= John Allibond =

Master of Magdalen College School

John Allibond (1597–1658) was the master of Magdalen College School.

Allibond was born in Buckinghamshire, England, at Chenies, of which his father, Peter Allibond, was rector. He was educated at Magdalen College, Oxford, where he was admitted as chorister in 1612, matriculated 7 June 1616, proceeded B.A. in the same year, and M.A. three years later, and was clerk of the college from 1617 to 1625. He was master of the free school adjoining Magdalen from 1625 to 1632, and lectured on the theory of music; became D.D. 17 Oct 1643; was rector of St Mary de Crypt Church, Gloucester, from 1634 to 1638; was perpetual curate of St. Nicholas, Gloucester, from 1635 to 1645; and was appointed rector of Broadwell, Gloucestershire, in 1636, where he died in 1658.

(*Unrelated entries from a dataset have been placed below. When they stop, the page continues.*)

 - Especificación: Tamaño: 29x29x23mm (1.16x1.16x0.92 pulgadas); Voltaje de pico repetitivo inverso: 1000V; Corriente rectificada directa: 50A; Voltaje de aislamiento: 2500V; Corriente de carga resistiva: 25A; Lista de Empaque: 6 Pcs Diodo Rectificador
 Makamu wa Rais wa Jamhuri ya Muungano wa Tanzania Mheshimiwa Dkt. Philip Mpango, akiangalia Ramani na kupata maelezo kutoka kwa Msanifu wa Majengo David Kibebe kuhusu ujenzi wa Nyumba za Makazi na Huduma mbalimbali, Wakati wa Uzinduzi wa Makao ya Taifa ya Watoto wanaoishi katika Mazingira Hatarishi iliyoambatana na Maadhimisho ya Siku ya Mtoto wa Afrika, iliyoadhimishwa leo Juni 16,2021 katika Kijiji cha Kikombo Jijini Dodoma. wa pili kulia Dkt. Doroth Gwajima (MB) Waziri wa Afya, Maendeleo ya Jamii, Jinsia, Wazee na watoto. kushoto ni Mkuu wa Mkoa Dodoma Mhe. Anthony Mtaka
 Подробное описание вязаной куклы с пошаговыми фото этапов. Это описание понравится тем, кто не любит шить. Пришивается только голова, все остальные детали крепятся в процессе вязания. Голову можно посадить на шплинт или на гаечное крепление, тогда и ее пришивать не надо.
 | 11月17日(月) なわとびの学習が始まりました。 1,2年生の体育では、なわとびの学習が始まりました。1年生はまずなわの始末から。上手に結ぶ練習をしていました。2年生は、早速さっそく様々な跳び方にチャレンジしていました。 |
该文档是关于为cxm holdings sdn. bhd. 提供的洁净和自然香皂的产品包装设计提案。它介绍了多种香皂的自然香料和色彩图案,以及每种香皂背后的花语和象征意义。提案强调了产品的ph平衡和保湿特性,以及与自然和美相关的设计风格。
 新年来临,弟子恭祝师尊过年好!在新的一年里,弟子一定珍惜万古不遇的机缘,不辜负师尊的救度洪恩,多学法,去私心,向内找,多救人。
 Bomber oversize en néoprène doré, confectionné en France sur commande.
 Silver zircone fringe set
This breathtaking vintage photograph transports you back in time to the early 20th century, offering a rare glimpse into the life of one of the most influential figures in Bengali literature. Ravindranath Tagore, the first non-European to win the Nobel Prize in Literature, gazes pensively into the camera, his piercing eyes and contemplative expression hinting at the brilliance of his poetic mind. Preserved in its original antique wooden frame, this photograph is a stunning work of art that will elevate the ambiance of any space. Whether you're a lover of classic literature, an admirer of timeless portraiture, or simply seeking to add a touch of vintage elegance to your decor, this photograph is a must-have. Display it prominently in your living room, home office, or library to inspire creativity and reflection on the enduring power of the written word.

Allibond provided an informative, if biased, description of the election for Gloucestershire's representatives to the Short Parliament in March 1640 in a letter to Peter Heylyn.

Allibond published anonymously ‘Rustica Acad. Ox. nuper reformatæ descriptio in Visitatione fanatica Octobris 6o, &c., 1648, cum Comitiis ibidem anno sequente . . . habitis,’ 1648. This was reprinted in 1705, in 1717 (with English verse translation by Ned Ward), and again in 1834. It appears also in Somer's Tracts. It is a very lively anti-puritan satire on the first stage of the parliamentary visitation. A manuscript key exists among Wood's papers. Allibond was also author of Latin verses in ‘Britanniæ Natalis,’ Oxon. 1630; of ‘Dulcissimis Capitibus etc. Invitatio ad frugi Prandiolum,’ printed in the ‘Clerk's Register,’ p. 48; and of a ‘Concio ad Clerum Oxoniensium’ among the Taylor MSS. at Oxford. He was an intimate friend of Peter Heylyn.